Fasciolopsidosis is a helminthiasis caused by the intestinal fluke F. buski, which lives in the upper intestine of the definitive host. The main definitive host is the pig. China, Thailand, India and other areas of the Far East are extensive endemic foci of invasion. A person becomes infected by ingesting the larvae of the pathogen in water or aquatic plants. Adult helminths attach to the intestinal mucosa, causing ulcerations. The disease is asymptomatic. In case of severe damage (in the early period), diarrhea, abdominal pain, gastrointestinal bleeding and intestinal obstruction appear. Later, asthenia develops with ascites and dropsy. Diagnosis is based on medical history and detection of eggs in feces. The eggs resemble those of Fasciola hepatica. The prognosis in severe cases, especially in children, is unfavorable. Treatment is carried out with praziquantel, the treatment regimen is the same as for clonorchiasis or hookworm disease.

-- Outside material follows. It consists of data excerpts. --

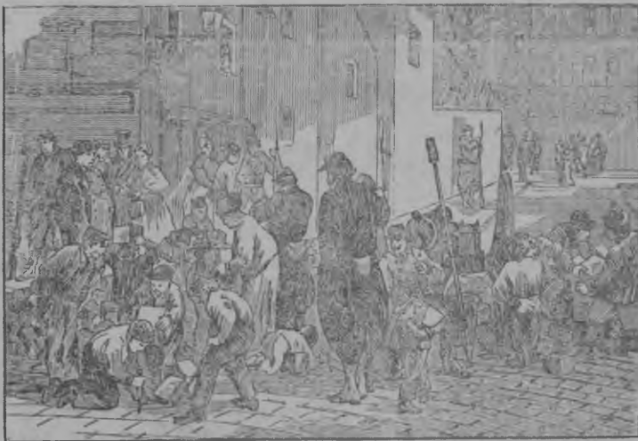
Парижской Коммуналэн 68 годовщинаез

Версалец'ёслы Париже пырыны луиз. Геройски жугиськызы коммунар'ес баррикадаын. Нылкышноос пиос'ёсын чош жугиськызы, нылпиос нуллызы порох но сионюон. 28 мае берпум баррикада быриз. Тьер но Галифе Парижез ужасьёслэн виренызы пылатйзы.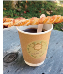
FG CHURRO ¥500

丹精込めて育てられた宇治の良質な抹茶を使った本格的な抹茶ラテ。抹茶本来の美しさを体感できます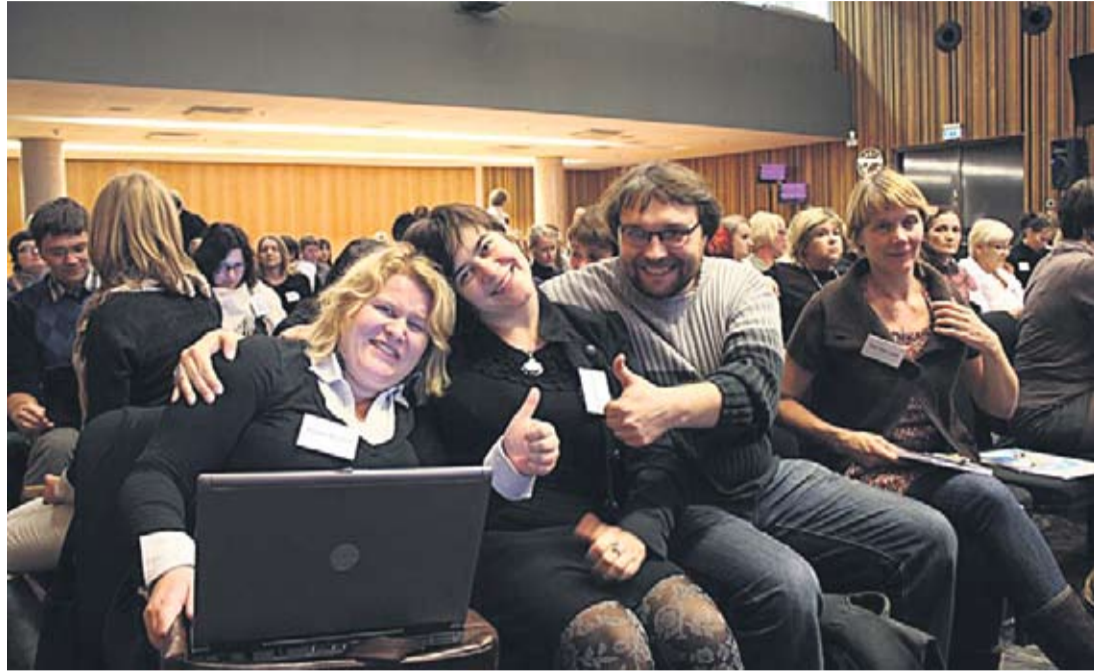
Foorum tõi kokku nii noorsootöötajad kui ka noortega või noorteühendustega kokku puutuvaid inimesi.

Foorumil osalesid nii noorsootöötajad kui ka kõik noortega või noorteühendustega kokku puutuvad inimesed.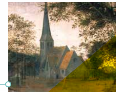
De kerk van Sint-Anna-Pede, te zien op 'De parabel van de blinden'

Concepttekening Stefan Devoldere, curator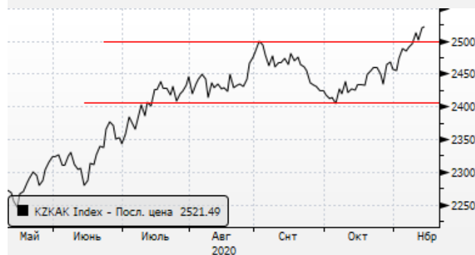
KASE: восстановление индекса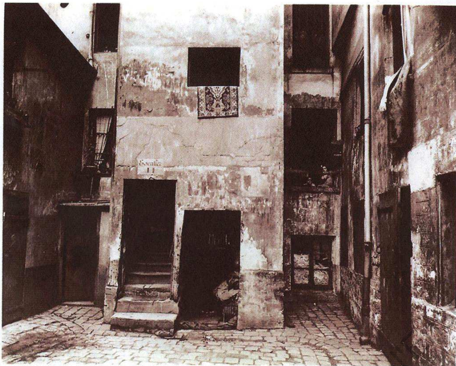
Fig. 1. / Eugène ATGET, Rue Broca , 1912, extrait de la série Topographie , Paris 1906–1915.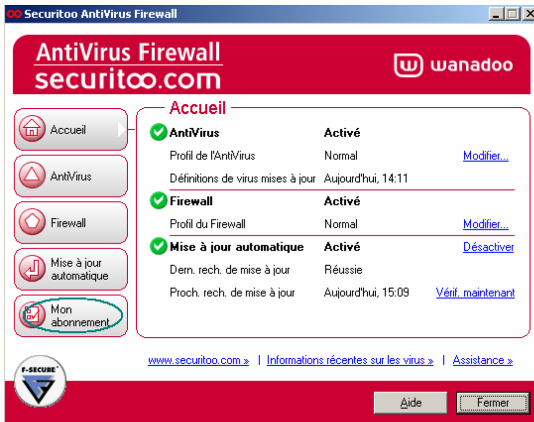
Figure 2 : Accueil de Securitoo

Etape 2 : Une nouvelle fenêtre s'ouvre. Cliquez sur le bouton Mon Abonnement .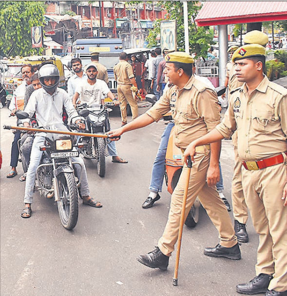
चौकी चौराहा पर वाहन चालकों को रोकते पुलिसकर्मी।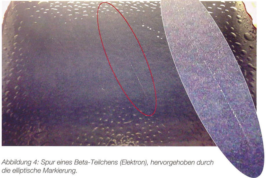
Abbildung 4: Spur eines Beta-Teilchens (Elektron), hervorgehoben durch die elliptische Markierung.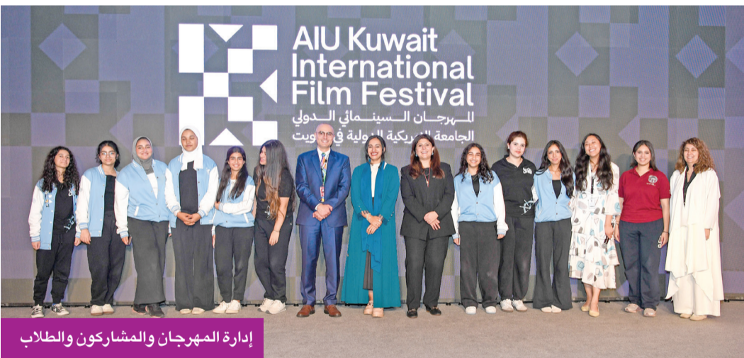
إدارة المهرجان والمشاركون والطلاب

وأضافت أن الطلبة المشاركين في ورش العمل أظهروا شغفاً كبيراً لمعرفة تقنيات البناء السينمائي، وتوظيف الذكاء الاصطناعي، ما يعكس تعاطف الجيل الجديد لصناعة الأفلام على أسس احترافية. من جانبها، أكدت المؤلفة والمخرجة فاطمة الشامسي أن دعم المهرجانات السينمائية في الخليج خطوة ضرورية لاستمرار الإبداع في السينما المستقلة،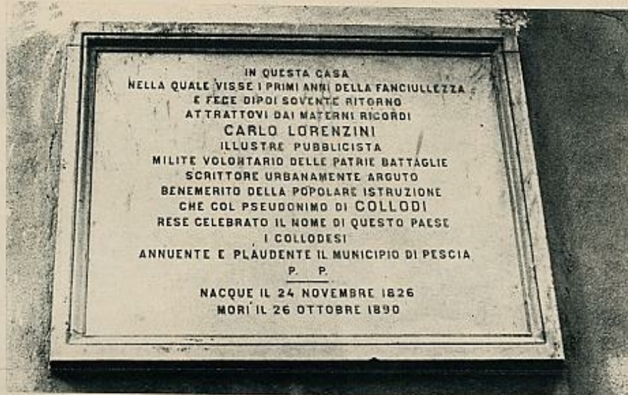
Los habitantes de Pescia han puesto una placa en la casa donde nació el autor Carlo Collodi. Los niños italianos tienen ya su Disneylandia, este parque con motivos de uno de los más populares personajes de cuento.

Heterophyosis and metagonimiasis

Heterophyes heterophyes and Metagonimus yakagawa are small intestinal flukes of humans and other fish-eating mammals. Distributed in the Far East, and Heterophyes - in India, Egypt and Tunisia. Infection occurs by eating infected freshwater fish. Adult worms (2 to 3 mm in size) attach to the lining of the small intestine. With high intensity of invasion, they can cause abdominal pain and/or diarrhea. In some cases, eggs can be localized in the brain, spinal cord or heart, where they cause granulomatous changes. Eggs are usually released into the external environment in feces. Their morphology resembles that of Clonorchis eggs. Treatment is carried out with praziquantel (according to the scheme described for clonorchiasis) or tetrachlorethylene (as described in Chapter 166 for hookworm disease). Since the lifespan of these flukes is about 1 year, treatment is not advisable if there are no symptoms.

CHAPTER 168. CESTODOSES

Most often, the penetration of larvae into the skin occurs in the area of ​​​​the feet and buttocks. Symptoms of larva migrans depend on the progress of the larvae in the upper layers of the dermis, which cause nonspecific dermatitis of a linear filamentous nature up to 3 mm wide with bizarre shapes and weaves. The advancement of the larvae in the skin (up to several centimeters) is accompanied by severe itching and burning, which leads to scratching, sometimes significant, and secondary infection. With the simultaneous penetration of several larvae, the interweaving of the threads of dermatitis becomes especially intricate, however, the area of ​​​​the skin affected always remains limited to a certain extent, the larvae seem to “spin” in one place.

The evolution of a migratory larva is self-limited in time. The duration of stay of the larvae in the skin is very variable and depends on the type of worm. In many cases, the larvae die in the skin within 4 weeks; on the other hand, they are known to persist for several months.